Most of the de-icers we use on roads and sidewalks are simply salt—common, everyday Rock Salt. Sounds innocent enough, right? But when salt mixes with snow and melts into the soil, the salt begins its dirty work underground, preventing water and nutrient absorption by garden plants. Above ground, the results are brown lawns with bare spots, spring bulbs that are undernourished and may not flower, crabgrass, tired-looking rose bushes, scorched maple leaves, and pine trees with brown needle tips. Salt products also damage waterways when they wash away in the spring.

The dirt on salt? It’s out of sight, but not out of our soil—and it can damage the plants which grow in that soil! All that salt is on the move: kicked up as dust when dry, splashed out of puddles, plowed into snow banks, and melting into streams and rivers, city sewers…and our yards.

Homeowners add to salt’s assault on soil by de-icing steps, sidewalks, and driveways, then shoveling or snowblowing salt-filled snow directly onto plants and trees.
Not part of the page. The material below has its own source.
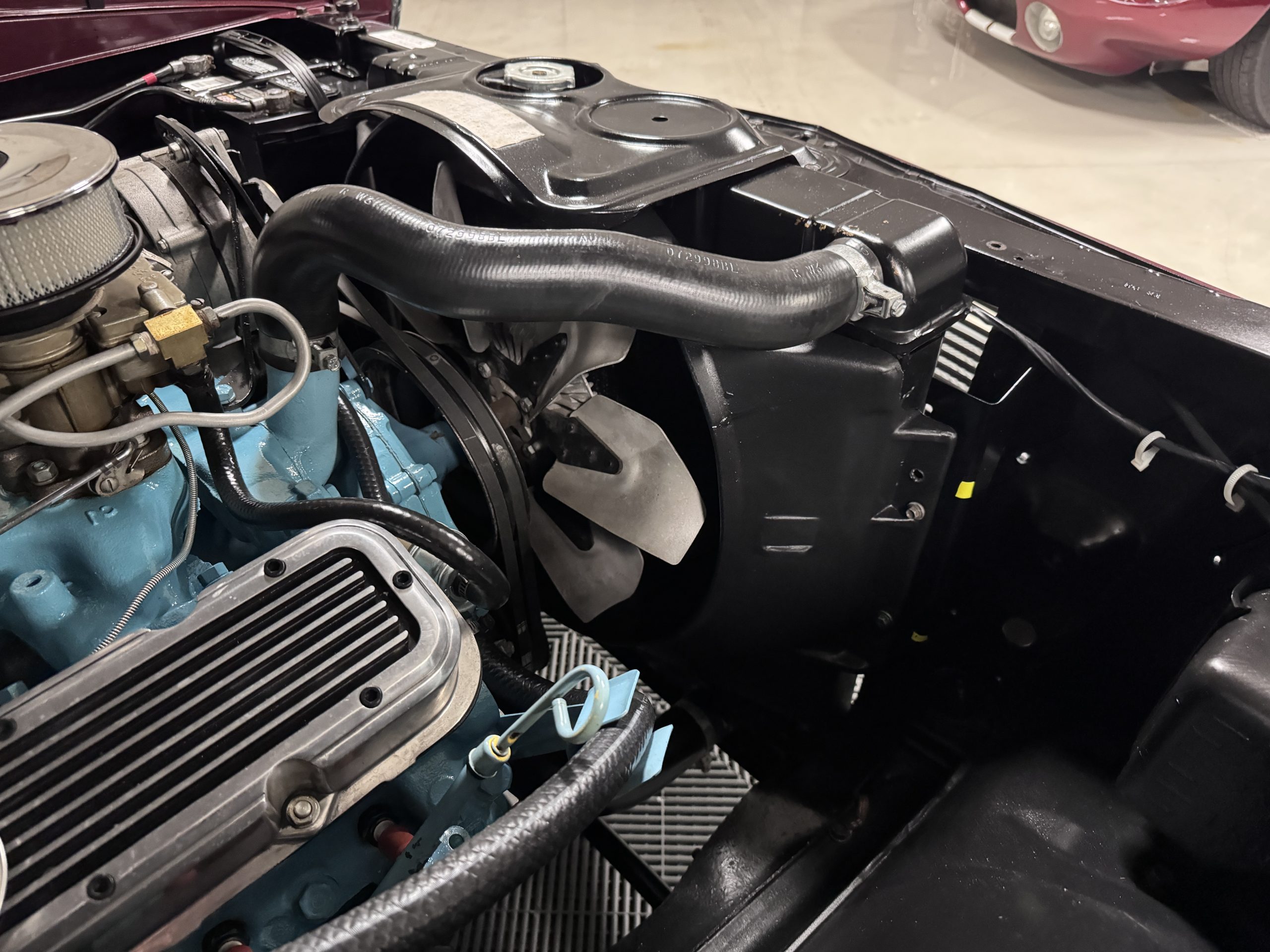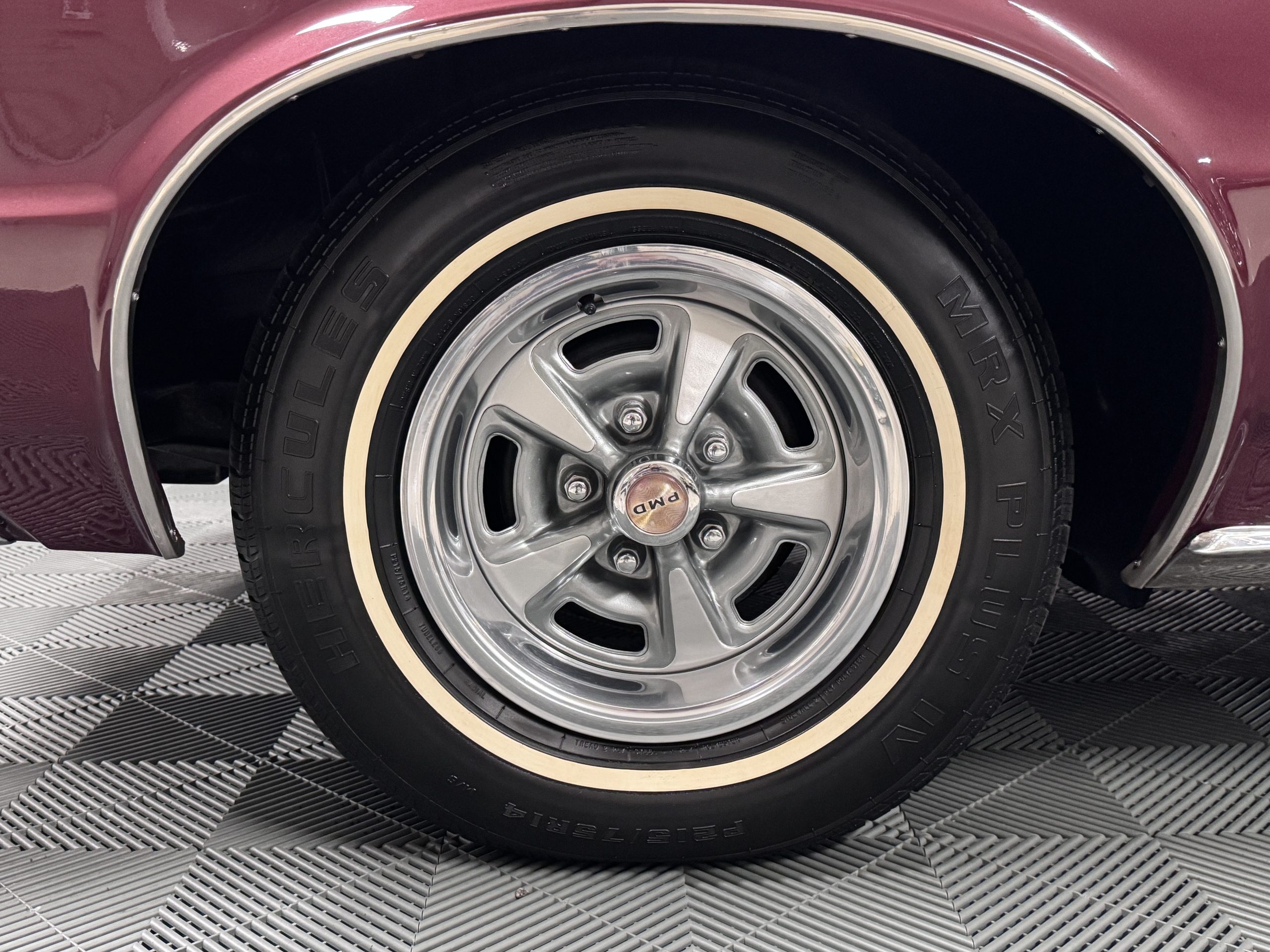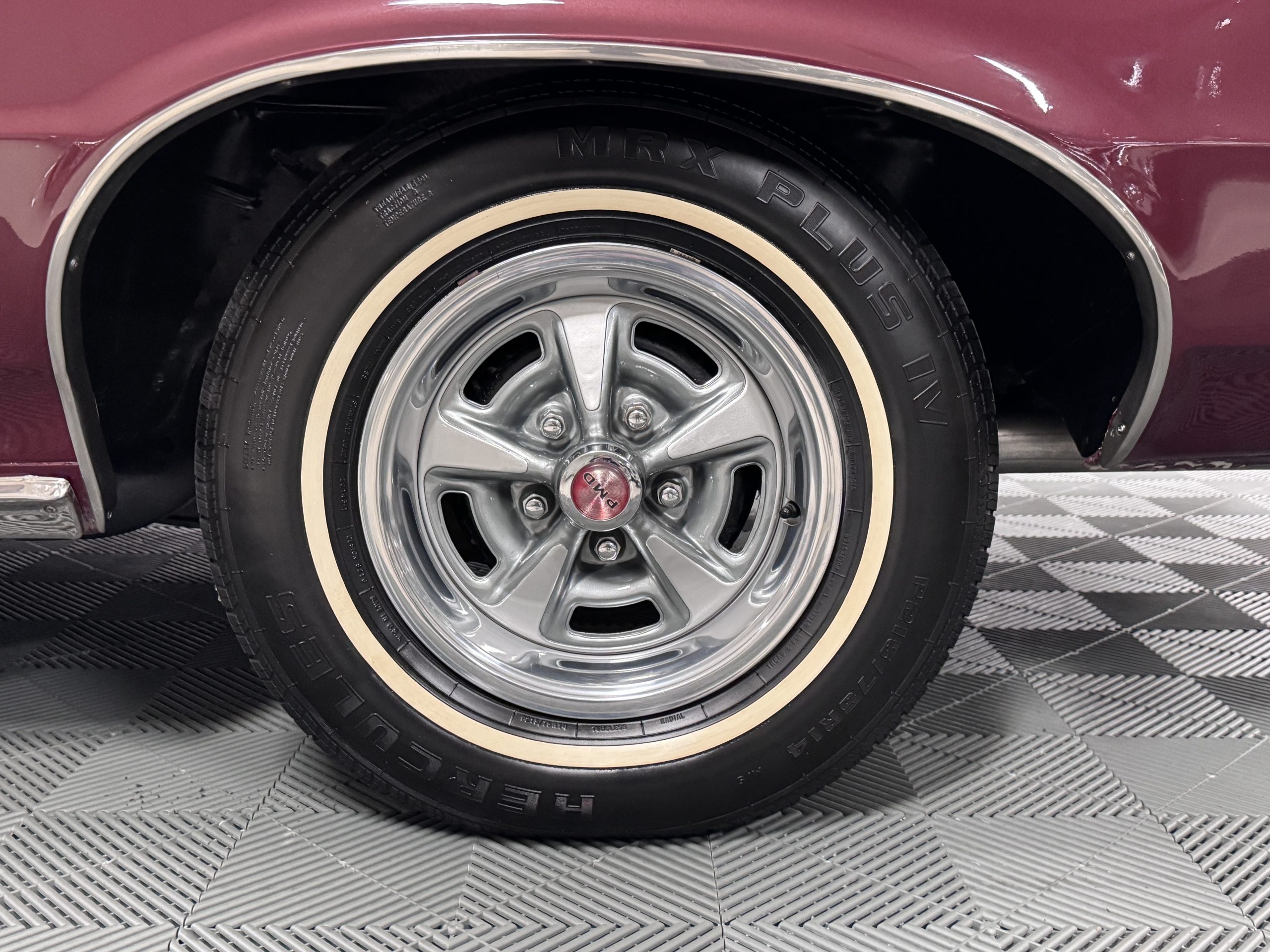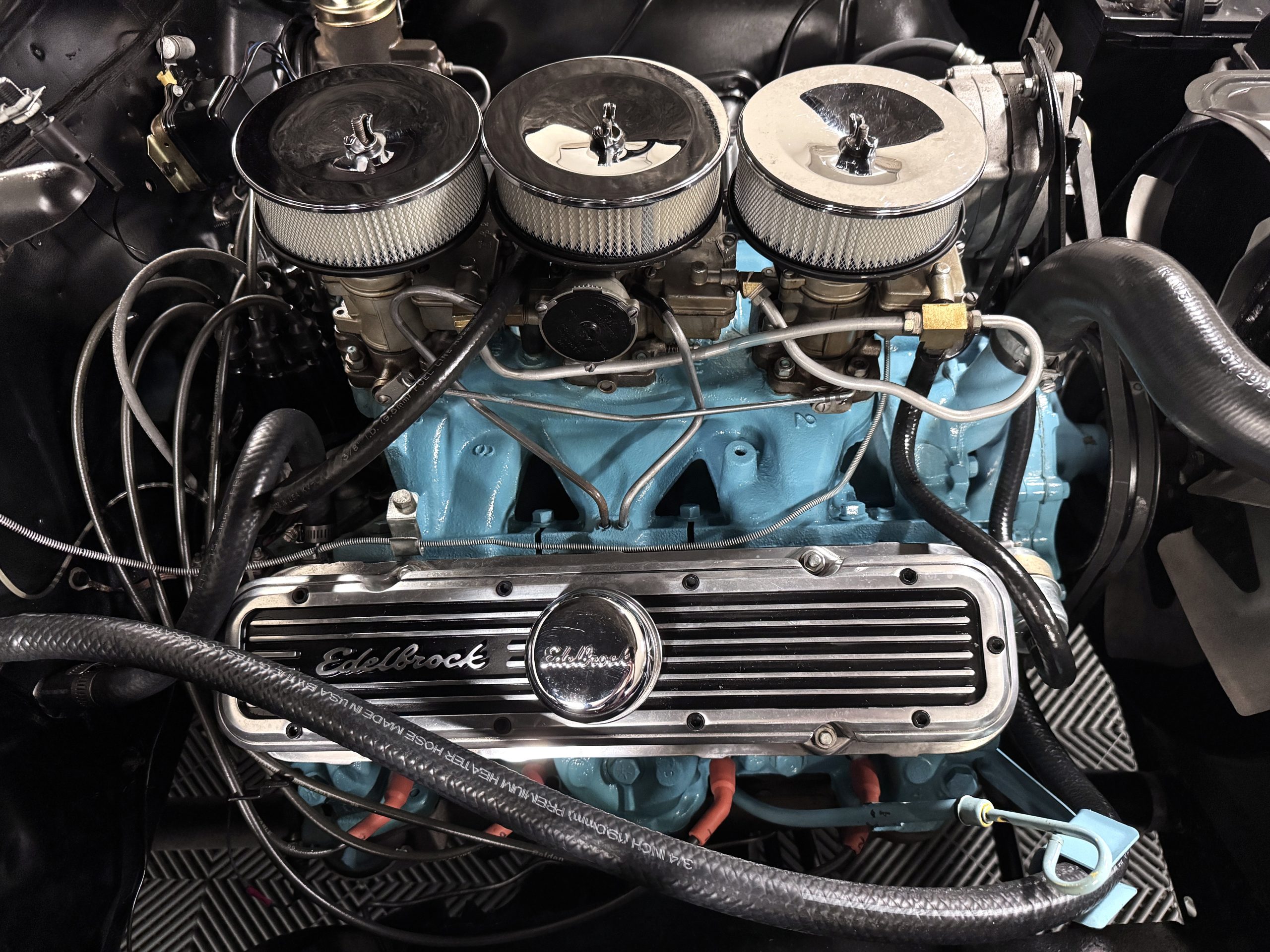 The Pontiac is powered by a WT-code 389 c.i. in V-8 engine with the coveted Tri-Power induction, rated at approximately 335 horsepower. The engine serial number is 633211 with WT stamped on the front of the block and the casting number shows correctly as 9778789. Power is delivered through a four-speed manual synchromesh transmission with Hurst shifter. This GTO has a Flowmaster dual exhaust and an Edelbrock manifold with chrome valve covers and air cleaners. The GTO has its original 3:23 Safe-T-Track limited-slip differential, and the GTO has Delco Moraine self-adjusting drum brakes for all four wheels. The tires are Hercules MRX IV 215/75R14. February 2026 inspection confirms the Pontiac remains in great mechanical order. The restoration work and subsequent servicing position the Pontiac as a strong-driving example that balances authenticity with usability.

Unintended Consequences: Plants are 90 percent water, and they depend on water moving from the soil up to their roots and leaves. Excess salt stalls and prevents this movement, literally dehydrating the plants growing in that soil. Some common landscape plants are particularly susceptible to salt damage: Sugar maples and red maples, both beloved in residential areas, may show leaf scald. Pine trees, especially white pines, are highly salt-sensitive and are attacked externally by airborne salt all winter. Watch for needles’ telltale brown tips in spring. Rose bushes, Japanese maples, and spirea—prized by gardeners—don’t grow well as salt levels rise.
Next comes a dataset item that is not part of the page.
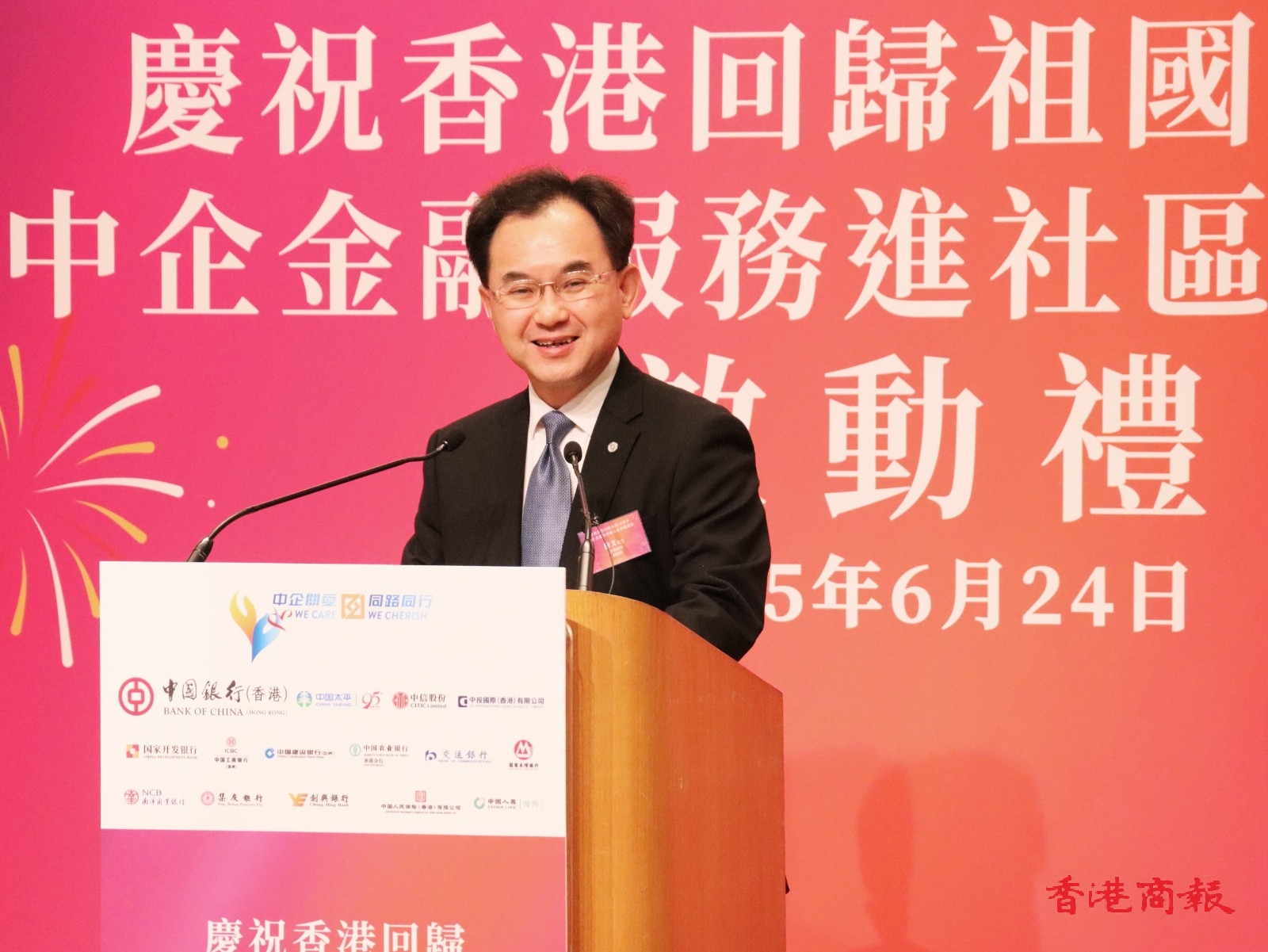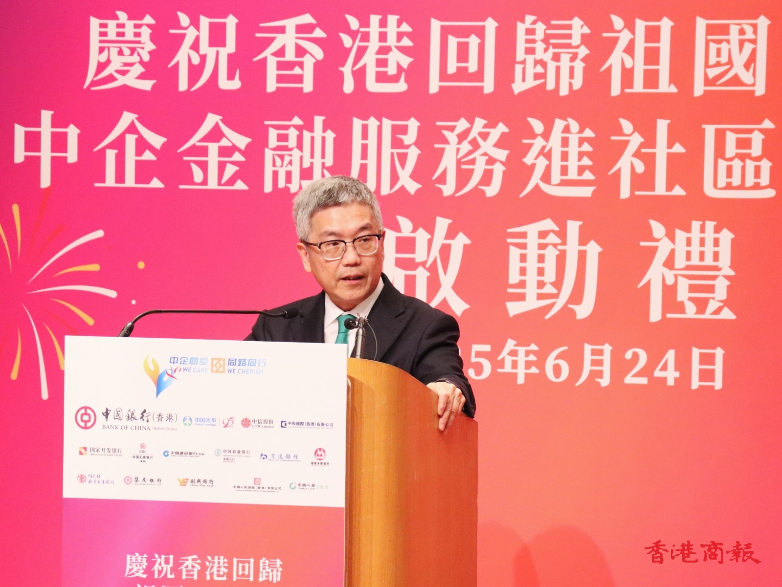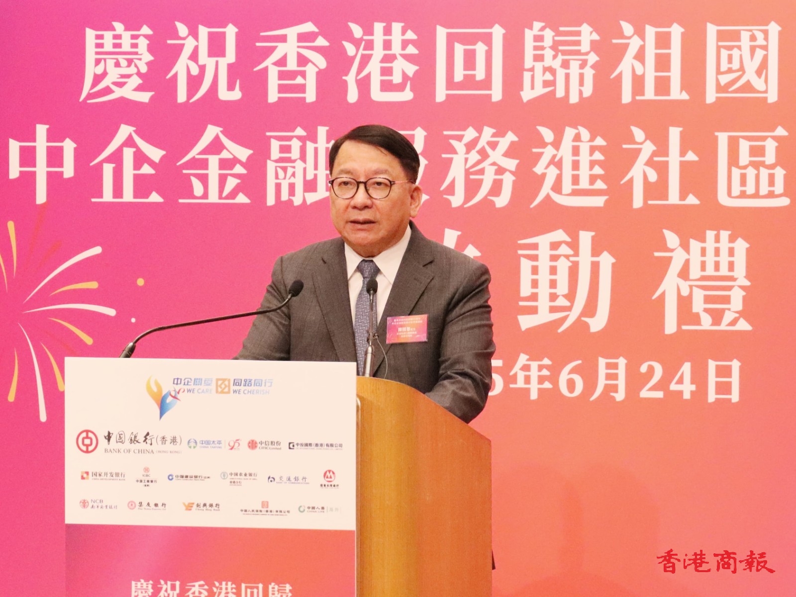 政務司司長陳國基在「慶回歸 中企金融服務進社區專題講座」啟動禮致辭。記者 馮瀚文攝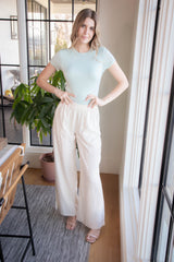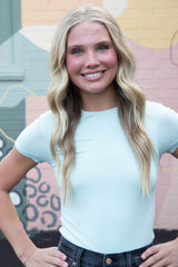 Introducing the Amaris Double Layered Bodysuit in mint. Featuring cap sleeves, a snap button closure, and a round neck, this bodysuit is perfect for any occasion. Stay comfortable and stylish all day long!

Lawn: Salt and other de-icers can burn or kill lawns, often leaving bare soil (but happy crabgrass).  Read manufacturer’s directions and consider the potential risks to your soil and plants when choosing which one to purchase. Here are some of your salt de-icing choices: Everyday table salt: Sodium chloride (NaCl), sold as “rock salt”, is the cheapest and most popular de-icer.
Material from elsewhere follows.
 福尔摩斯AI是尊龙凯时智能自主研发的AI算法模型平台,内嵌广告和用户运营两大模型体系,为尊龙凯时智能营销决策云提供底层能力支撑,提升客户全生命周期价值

However, your best choice based the impact on soil and plants, and works below 15° F., is Calcium Chloride. CaCl2 can be purchased in many forms, Pellet or flake can be purchased at your local hardware store in bags. It can also be purchased in liquid form as well. Many Landscapers are now using it on sidewalks and parking lot’s, due to the unavailability and cost increases of rock salt, with the added benefit of greener lawns and plants next to those area’s in the spring and summer. Calcium Chloride is used in the Agricultural industry when making fertilizers for crops. So it just makes sense.

What’s a Gardener to Do? If you can, halt the salt! Limiting chemical de-icers to reduce icy patches that resist shoveling. The Road Agencies call this “Sensible Salting”, as with any deicing process, use only enough to melt the snow and ice. But, switching to Calcium Chloride for sidewalks and parking area’s will improve deicing performance as well as helping the growth of lawns and plants next to them.

One thing that comes to mind when talking about salt is that ancient Romans would Salt the fields of concurred nations to kill the crops and starve their enemies. So it just makes sense to reduce the salt, improve the melting/cold temperature performance of your deicer by switching to Calcium Chloride products. The plants will not only survive, but thrive!


So looking forward to the warmer weather !!!